Sur quelles espèces de plantes les abeilles ramassent-elles la matière à Cire, & comment font-elles cette récolte ?


Les abeilles qui connoissent parfaitement la matière qu’elles doivent employer, vont ramasser sur toutes sortes de fleurs la poussière de leurs étamines. Aristote assure que l’abeille, en faisant sa récolte, ne change point d’espèce de fleur, & que si elle a commencé à faire sa charge de la poussière des étamines du lys, elle n’ira pas à la tulipe pour finir la boule de cire brute qu’elle veut emporter.

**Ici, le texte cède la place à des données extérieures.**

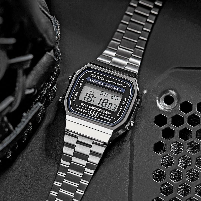 One of the standout features of the Casio A168WGG-1A Men's Digital Watch is its electro-luminescent backlight, which ensures that you can easily read the time in any lighting conditions. The backlight can be activated by pressing a button on the side of the watch, making it quick and easy to use.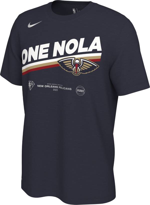 Nike Men S New Orleans Pelicans One Nola Navy 2022 Nba Playoffs Mantra T Shirt Dick S Sporting Goods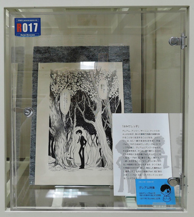 また、隣のR029もそうだが、階段が登場する印象的なシーンが三原作品には時々登場する。三原順と階段といえば、「天国への階段」である。展示した遺品のレコードにも収録されているこの曲は、彼女が創作中に繰り返し聴いていたことで知られている(「特別対談 三原順v.s.くらもちふさこ」『はみだしっ子全コレクション』より)。「階段のむこうには…」では、グレアムの自殺した叔母のことを「おばちゃまは自殺によって天国への階段を踏み外した」と描かれており、このPart全体を通して、この曲のイメージが色濃く感じられる。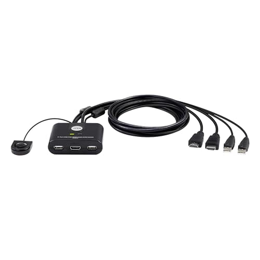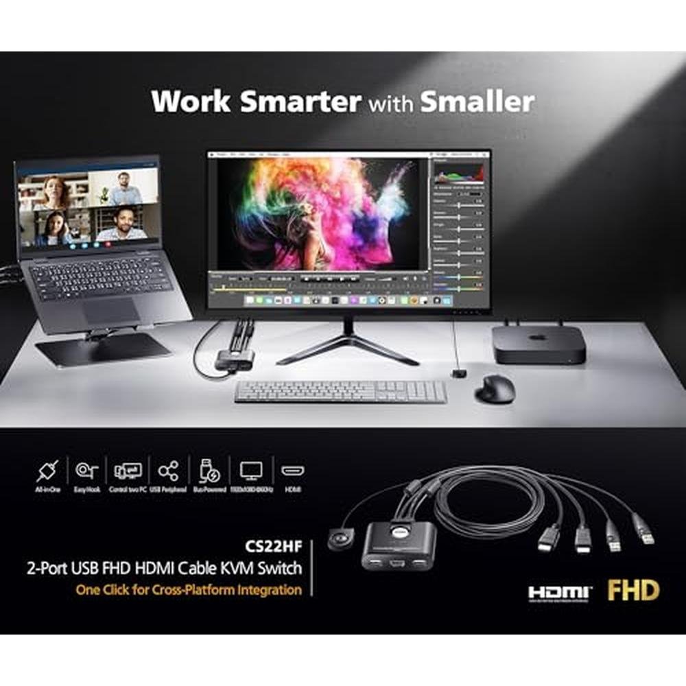 ATEN CS22HF 2-Port USB FHD HDMI KVM Switch Full HD 1080p, 2 Computers 1 Monitor, USB Peripherals, Easy Hook Design, Push-Button Remote, Plug-and-Play, Multi-Platform (Windows/Mac/Linux)

M. de Réaumur a remarqué, au contraire, qu’elle va indifféremment d’une espèce à l’autre ; il est certain cependant que les deux petites pelotes qu’elle porte à ses jambes sont toujours de la même couleur, & qu’on n’en voit pas une être jaune, & l’autre brune : peut-être qu’en changeant d’espèce de fleur, elle ne va qu’à celles dont la couleur de la poussière des étamines est la même que celle dont elle est déjà chargée. Il semble que M. Maraldi ait pensé que l’abeille trouvoit la cire brute où il ne peut y en avoir, lorsqu’il dit : « qu’elle recueille la cire sur les feuilles d’un grand nombre d’arbres & de plantes, & sur la plupart des fleurs qui ont des étamines. »

Les abeilles ne recueillent la matière à cire que sur les fleurs qui ont des étamines qui fournissent cette poussière qu’elles vont chercher, & non pas sur les feuilles des arbres & des plantes où elles n’existent point, mais une matière sucrée & gluante. (Voyez le mot Miellée)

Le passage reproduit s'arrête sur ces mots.